February 13, 1945. I was 8½ years old. Schools were closed. Restaurants, Railroad stations were filled to capacity with refugees and wounded. It was Shrove Tuesday. A happy day, similar to Mardi Gras in New Orleans.

But we had very little or no food, and many refugees were crowding into Dresden running away from the fast approaching Russian Army and leaving everything behind.

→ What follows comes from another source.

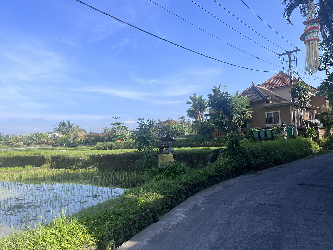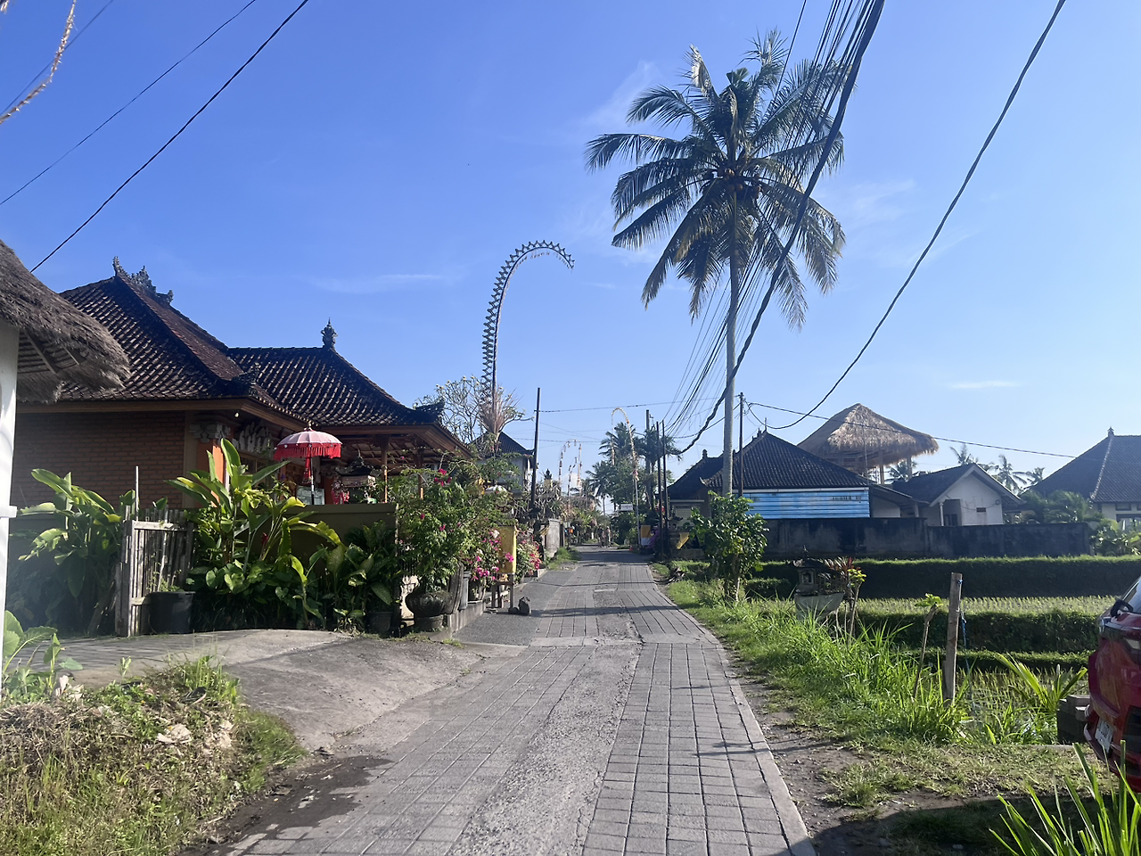 냅따 뛰어버렸다. 이쯤이면 뛸 수 있겠다 싶었다. 우붓에서도 한번은 뛰고 싶다는 욕심도 컸다. 그렇게 십분 정도 뛰고 나니 트래킹 로드가 끝났고, 거기에서 마주한 마을이 너무 이뻤다. 햇살 아래 논밭뷰가 평화로워보였고, 아기자기한 집들이 귀여웠다. 역시 우연한 기쁨이 가장 만족도가 높다는 단순한 진리.

They were looking for a safe place until the war was over. What a mistake.

 

It was about 9:30 PM, my little brother and I were in the bedroom, with Dark green shades drawn so no lights would be visible from the outside. I noticed that it was very bright outside. It was so bright one could read the newspaper without difficulty. I got up to see my mother who was listening to the radio, the BBC, which was "illegal". We were not supposed to know what was going on in the war, only what the local, controlled radio stations were telling us was allowed.

 

Suddenly the apartment house was shaking, bombs dropping all around us, and as we have been trained to do, we jumped into our "training suits" now called sweat suits, grabbed our rucksack ( backpack which my mother made for us children in case we had to flee the Russian army) and went into the basement with all the others from the apartment house. Bombs were dropping all around us, the house was shaking and vibrating. This lasted about ½ hr. When we came out of the cellar, my mother as an air aid warden had to leave to help others whose houses were burning, ours was still standing but all the windows were blown out, and our curtains from the 2nd floor were hanging down to the street in strips. Almost all the apartment houses in our neighborhood were completely engulfed in flames. I suddenly heard ONE siren sounding somewhere in the west from us.

 

My mother arrived, and we all went back into the cellar. We now wanted to get out from there, my mother took blankets and towels soaked them in water in a tub that was there for just this purpose, we wrapped them around our bodies and heads to keep flames and embers from sticking to us and we headed towards our school. I will never forget the sights, every building looked like a glowing charcoal, with the steel girders a darker red. We saw parts of the "Firestorm" just ahead of us, and had to back away. We stayed for this 2nd raid in the school surrounded by wounded soldiers. The next morning my mother and a neighbor went back to our house, and it was totally collapsed. My mother left a note on the ruin, as many other people did just in case somebody was looking for us, just to let them know that we were alive. We did not know where we would go from here, except for the moment, back to school.

 

Hundreds, thousands of people were leaving the burning city to look for safety and the main route out was near us, so we joined them, hoping that our dangers were over. They were not, but to read about that click here.

Angela
23rd March, 2003

 

Angela eventually moved to the USA, and passed away in September 2004.